Eliminate the habit of half-work. If a task lasts longer than expected, break it apart and block more time to get it done at all costs so you don’t get dragged by a perpetual cycle of incomplete work. Finish what you started at all costs.

Combine these tips with underpromise and overdeliver, and you’re on your way to better time management.

7. Get Organized And Do One Task At A Time

Contrary to common belief, multitasking does not make you productive even if you felt like you did a lot of work. 

Researchers have produced scientific evidence that shows how our brains lose up to 40% of productivity when we switch tasks. Texting while driving is a morbid but accurate example of how multitasking can go wrong when you focus on too many things at one time.

Think of a time when you were super productive. Were you working on multiple things at the same time? Probably not. You were likely focusing on one task and spending all your brainpower and energy on it—and you definitely had impressive results to justify your effort.

This is why single tasks work. 

You have all the time and determination in the world to devote to it, leading to greater satisfaction and better performances. You can’t achieve that with a myriad of high-pressure tasks on your shoulders, let alone completing them.

How do you stop multitasking?

Rank your tasks from highest to lowest priority-wise. You want to finish off your list one-by-one starting from the most important task. 

If you have similar activities like emailing several clients in a day, group them and maintain a consistent schedule to avoid disrupting your working pattern.

Try single-tasking for some time and you’ll wonder why you spent so much time juggling work in the past.

8. Stop Interruptions and Time Wasters

Sometimes, the enemy of productivity is not you, but someone or something close. 

It can be a colleague who interrupts every 10 minutes with questions that can be Googled in a second. It can even be an app that sucks you in so much you forget about work. Think of your Instagrams, Facebooks, Twitters, and so on.

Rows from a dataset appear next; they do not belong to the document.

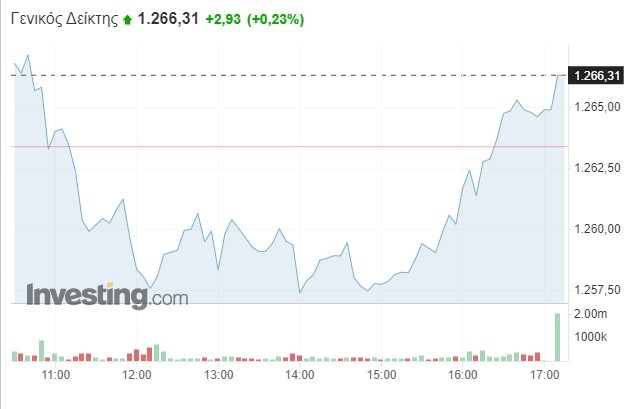 Πιο αναλυτικά, ο Γενικός Δείκτης σημείωσε οριακή αύξηση κατά 0,23% και διαμορφώθηκε στις 1.266,31 μονάδες, κερδίζοντας περίπου τρεις μονάδες σε σχέση με το κλείσιμο της Δευτέρας (1.263,38 μονάδες). Το τόξο των ημερήσιων διακυμάνσεων καθορίστηκε σε 11 μονάδες (από 1.257,21 έως 1.268,28 μονάδες), με τον τζίρο των συναλλαγών να κυμαίνεται στα 93,9 εκατ. ευρώ.
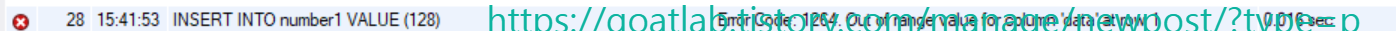 지정된 데이터 타입이 표현할수 있는 숫자의 범위를 벗어났기 때문에 데이터가 입력되지 않는다.
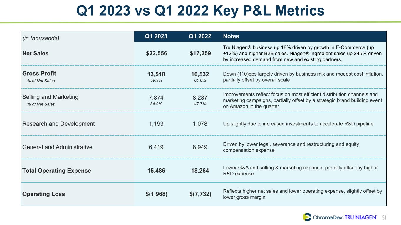 8 2021 – 2023 YTD Net Sales Summary ($ in millions) 2021 2022 2023 Description Q1 Q2 Q3 Q4 FY Q1 Q2 Q3 Q4 FY Q1 E-Commerce 9.6 10.6 10.5 11.1 41.8 10.9 12.0 11.3 11.1 45.3 12.2 Watsons 1.6 2.9 2.6 2.2 9.3 2.6 1.5 2.6 3.3 10.0 3.7 Other B2B 1.3 1.8 1.6 0.8 5.6 1.4 1.0 0.7 1.7 4.8 1.7 Total TRU NIAGEN 12.4 15.4 14.8 14.1 56.7 14.9 14.5 14.6 16.1 60.1 17.6 NIAGEN Ingredient 1.2 1.3 1.7 2.5 6.7 1.1 1.5 1.8 3.9 8.3 3.9 NIAGEN Related Revenues 13.6 16.7 16.4 16.6 63.4 16.0 16.0 16.4 20.0 68.4 21.5 Other Ingredients 0.1 0.2 0.1 0.2 0.7 0.3 0.0 0.0 0.1 0.4 0.2 Analytical Reference Standards & Services 0.9 0.8 0.8 0.9 3.4 0.9 0.7 0.7 0.9 3.2 0.8 Total Net Sales 14.7 17.7 17.3 17.8 67.4 17.2 16.7 17.1 21.0 72.0 22.5 TRU NIAGEN as % of Total Net Sales 85 % 87 % 85 % 80 % 84 % 87 % 87 % 85 % 77 % 84 % 78 % NIAGEN Related Revenues as % of Total Net Sales 93 % 94 % 95 % 94 % 94 % 93 % 95 % 96 % 96 % 95 % 95 % YOY Growth Rate - Net Sales Total Company 2 % 16 % 22 % 15 % 14 % 18 % (5) % (1) % 19 % 7 % 31 % NIAGEN Related 4 % 22 % 29 % 14 % 17 % 18 % (4) % (1) % 20 % 8 % 34 % Total TRU NIAGEN 12 % 31 % 24 % 14 % 20 % 20 % (6) % (1) % 14 % 6 % 18 %
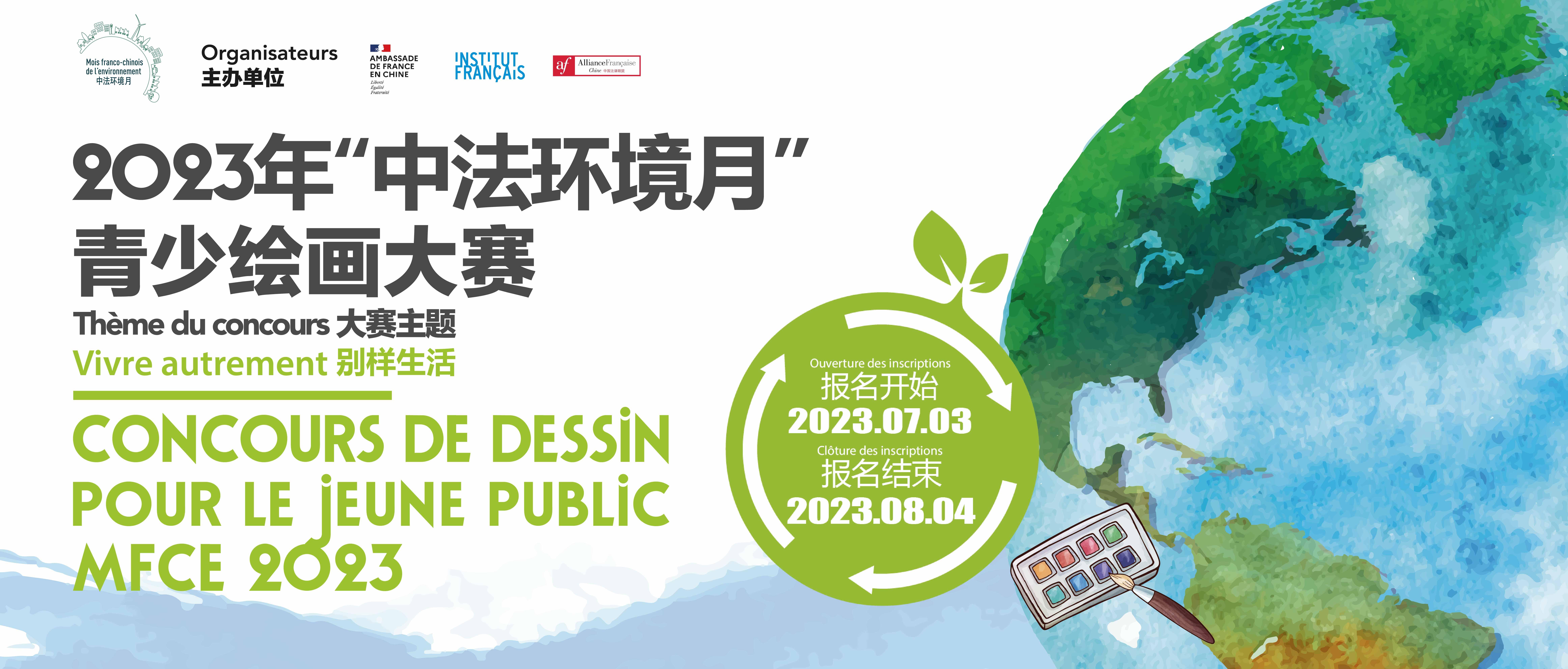 今年的第三届“中法环境月”青少绘画大赛由法国驻华大使馆和中国法语联盟共同主办,北京法语联盟总协调。大赛奖金由北京法语联盟设立的“法语人才培养与交流基金”赞助;中法环境月主题法语课由中国法语联盟提供;画材奖品由康颂品牌赞助;北京语言大学、中国网、798艺栈画廊、康颂、Fotoo也对本届赛事提供了支持和帮助。
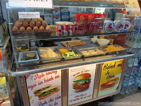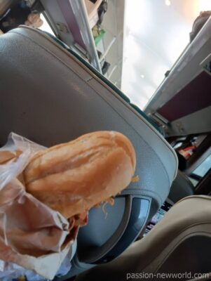 ご飯の上に肉料理や豆類などを置く、いわゆるぶっかけ飯で、値段は50万ドン(300円)。筆者は駅構内で買っておいたサンドイッチを食べることに。
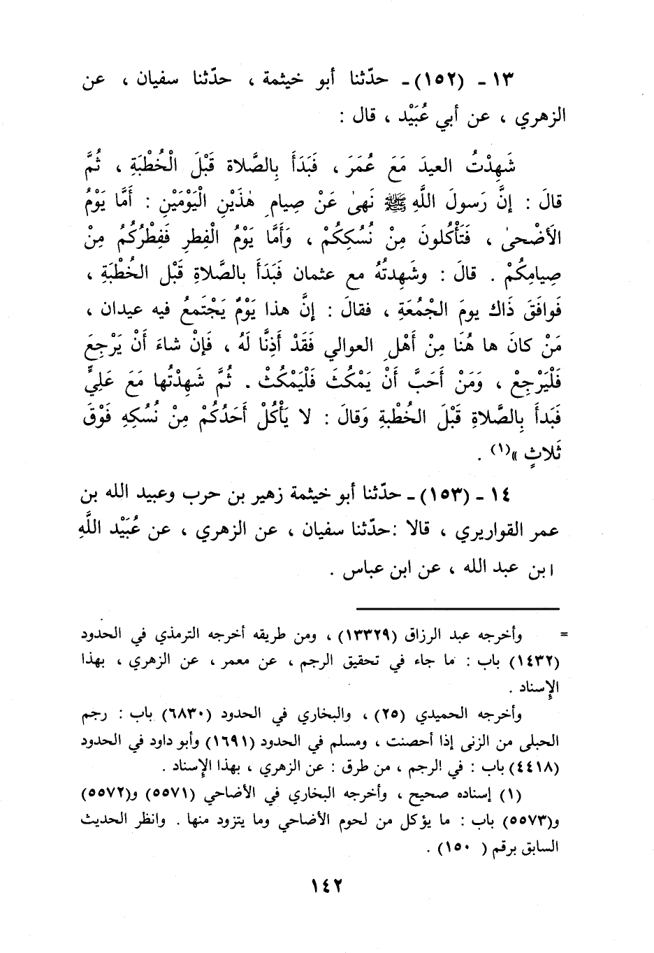 152 - حَدَّثَنَا أَبُو خَيْثَمَةَ، حَدَّثَنَا سُفْيَانُ، عَنِ الزُّهْرِيِّ، عَنْ أَبِي عُبَيْدٍ، قَالَ: شَهِدْتُ الْعِيدَ مَعَ عُمَرَ، فَبَدَأَ بِالصَّلَاةِ قَبْلَ الْخُطْبَةِ، ثُمَّ قَالَ: إِنَّ رَسُولَ اللَّهِ صَلَّى اللهُ عَلَيْهِ وَسَلَّمَ §نَهَى عَنْ صِيَامِ هَذَيْنِ الْيَوْمَيْنِ: «أَمَّا يَوْمُ الْأَضْحَى، فَتَأْكُلُونَ مِنْ نُسُكِكُمْ، وَأَمَّا يَوْمُ الْفِطْرِ فَفِطْرُكُمْ مِنْ صِيَامِكُمْ». قَالَ: وَشَهِدْتُهُ مَعَ عُثْمَانَ، فَبَدَأَ بِالصَّلَاةِ قَبْلَ الْخُطْبَةِ، فَوَافَقَ ذَاكَ يَوْمَ الْجُمُعَةِ، فَقَالَ: «إِنَّ هَذَا يَوْمٌ يَجْتَمِعُ فِيهِ عِيدَانِ، مَنْ كَانَ هَاهُنَا مِنْ أَهْلِ الْعَوَالِي فَقَدْ أَذِنَّا لَهُ، فَإِنْ شَاءَ أَنْ يَرْجِعَ فَلْيَرْجِعْ، وَمَنْ أَحَبَّ أَنْ يَمْكُثَ فَلْيَمْكُثْ» ثُمَّ شَهِدْتُهَا مَعَ عَلِيٍّ، فَبَدَأَ بِالصَّلَاةِ قَبْلَ الْخُطْبَةِ، وَقَالَ: «لَا يَأْكُلْ أَحَدُكُمْ مِنْ نُسُكِهِ فَوْقَ ثَلَاثٍ» Kإسناده صحيح
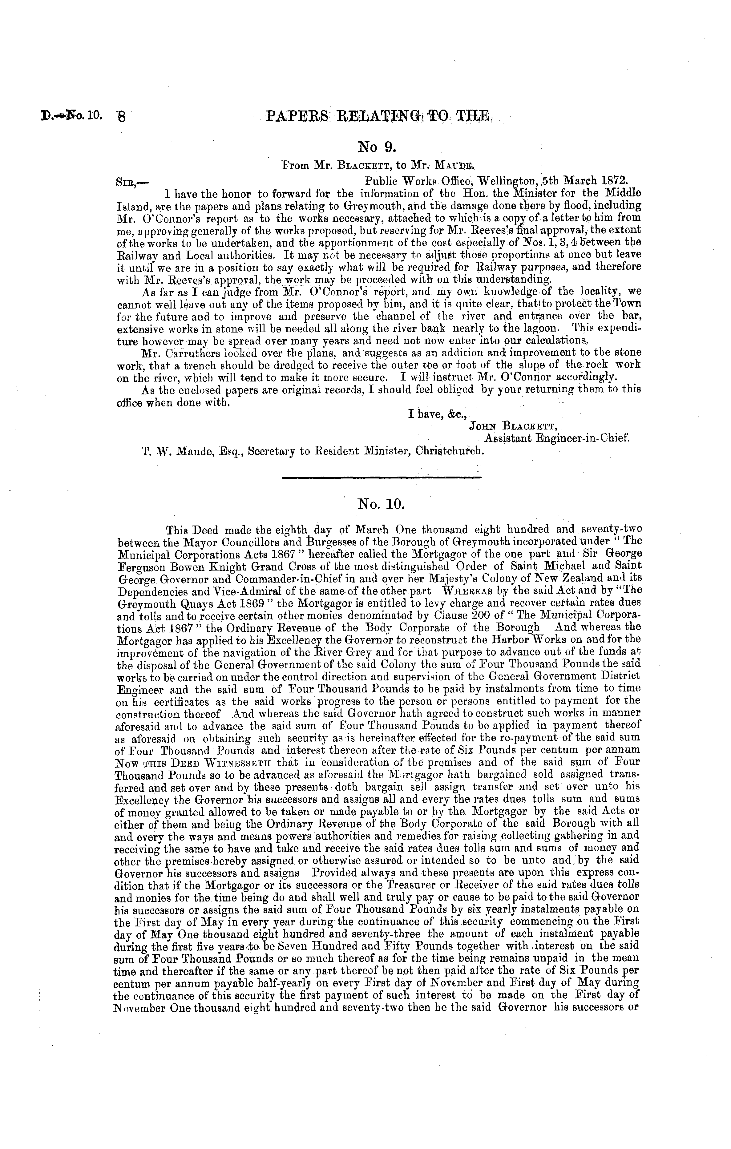 No. 10. This Deed made the eighth day of March One thousand eight hundred and seventy-two between the Mayor Councillors and Burgesses of the Borough of Greymouth incorporated under " The Municipal Corporations Acts 1867 " hereafter called the Mortgagor of the one part and Sir George Ferguson Bowen Knight Grand Cross of the most distinguished Order of Saint Michael and Saint George Governor and Commander-in-Chief in and over her Majesty's Colony of New Zealand and its Dependencies and Vice-Admiral of the same of the other part Wheeeas by the said Act and by "The Greymouth Quays Act 1869 " the Mortgagor is entitled to levy charge and recover certain rates dues and tolls and to receive certain other monies denominated by Clause 200 of " The Municipal Corporations Act 1867 " the Ordinary Eevenue of the Body Corporate of the Borough And whereas the Mortgagor has applied to his Excellency the Governor to reconstruct the Harbor Works on and for the improvement of the navigation of the Eiver Grey and for that purpose to advance out of the funds at the disposal of the General Government of the said Colony the sum of Pour Thousand Pounds the said works to be carried on under the control direction and supervision of the General Government District Engineer and the said sum of Pour Thousand Pounds to be paid by instalments from time to time on his certificates as the said works progress to the person or persons entitled to payment for the construction thereof And whereas the said Governor hath agreed to construct such works in manner aforesaid and to advance the said sum of Four Thousand Pounds to be applied in payment thereof as aforesaid on obtaining such security as is hereinafter effected for the re-payment of the said sum of Four Thousand Pounds and interest thereon after the rate of Six Pounds per centum per annum Now this Deed Witnesseth that in consideration of the premises and of the said sum of Pour Thousand Pounds so to be advanced as aforesaid the Mortgagor hath bargained sold assigned transferred and set over and by these presents doth bargain sell assign transfer and set over unto his Excellency the Governor his successors and assigns all and every the rates dues tolls sum and sums of money granted allowed to be taken or made payable to or by the Mortgagor by the said Acts or either of them and being the Ordinary Eevenue of the Body Corporate of the said Borough with all and every the ways and means powers authorities and remedies for raising collecting gathering in and receiving the same to have and take and receive the said rates dues tolls sum and sums of money and other the premises hereby assigned or otherwise assured or intended so to be unto and by the said Governor his successors and assigns Provided always and these presents are upon this express condition that if the Mortgagor or its successors or the Treasurer or Eeceiver of the said rates dues tolls and monies for the time being do and shall well and truly pay or cause to be paid to the said Governor his successors or assigns the said sum of Pour Thousand Pounds by six yearly instalments payable on the First day of May in every year during the continuance of this security commencing on the First day of May One thousand eight hundred and seventy-three the amount of each instalment payable during the first five years to be Seven Hundred and Fifty Pounds together with interest on the said sum of Four Thousand Pounds or so much thereof as for the time being remains unpaid in the mean time and thereafter if the same or any part thereof be not then paid after the rate of Six Pounds per centum per annum payable half-yearly on every First day of November and First day of May during the continuance of this security the first payment of such interest to bo made on the First day of November One thousand eight hundred and seventy-two then he the said Governor his successors or
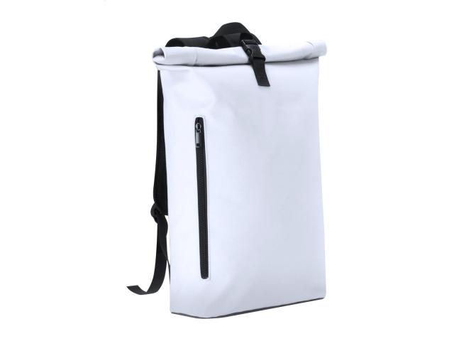 Soft PU leather rolltop backpack with buckle closure, zipped front pocket, padded laptop (15") compartment, padded back and shoulder straps.
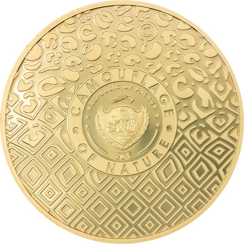 На реверсе изображена завораживающая оптическая иллюзия с эффектом сворачивания пятен, напоминающих раскраску кошачьего меха, с Леопардом в центре. Основной мотив еще больше соответствует идее кошачьего меха, именно золочение придает очень актуальную окраску. Внизу на канте: 2024 (год чеканки).
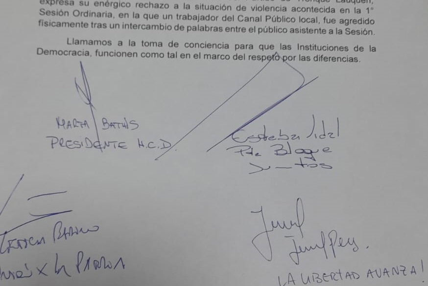 “El Honorable Concejo Deliberante del Partido de Trenque Lauquen, expresa su enérgico rechazo a la situación de violencia acontecida en la Primera Sesión Ordinaria, en la que un trabajador del Canal Público local fue agredido físicamente tras un intercambio de palabras entre el público asistente a la Sesión.

You will never be productive until you block these interruptions. Use productivity apps that limit usage after a certain threshold to stop checking your phone. 

Saying NO is also one of the best productivity hacks you can use in the office. If a colleague is bothering you, don’t be afraid to say no. 

If you really need to let off steam, use a timer to track your breaks. The Pomodoro technique breaks down into twenty-five-minute sessions with short breaks in between. This allows you to be productive while providing ample time to relax. After five sessions, take a longer break to recharge and continue the cycle until your workday ends.

Don’t wait for people who don’t value your schedule. A meeting that starts five minutes late is no big deal. Add them up over multiple meetings, however, and you have a problem. 

If a client or team member is always late for meetings, plan your to-do list around it so you don’t waste time. Respecting your time is key to productivity and you should convey it to the people around you too.

Start Managing Your Time Today

You have the power and strategies to turn your time management around. 

The tips mentioned above will get you and your team there but none of them work if you don’t take action. Take the initiative to change your habits and steer your company through improving productivity and time management one step at a time.

And there’s no better time to start than today.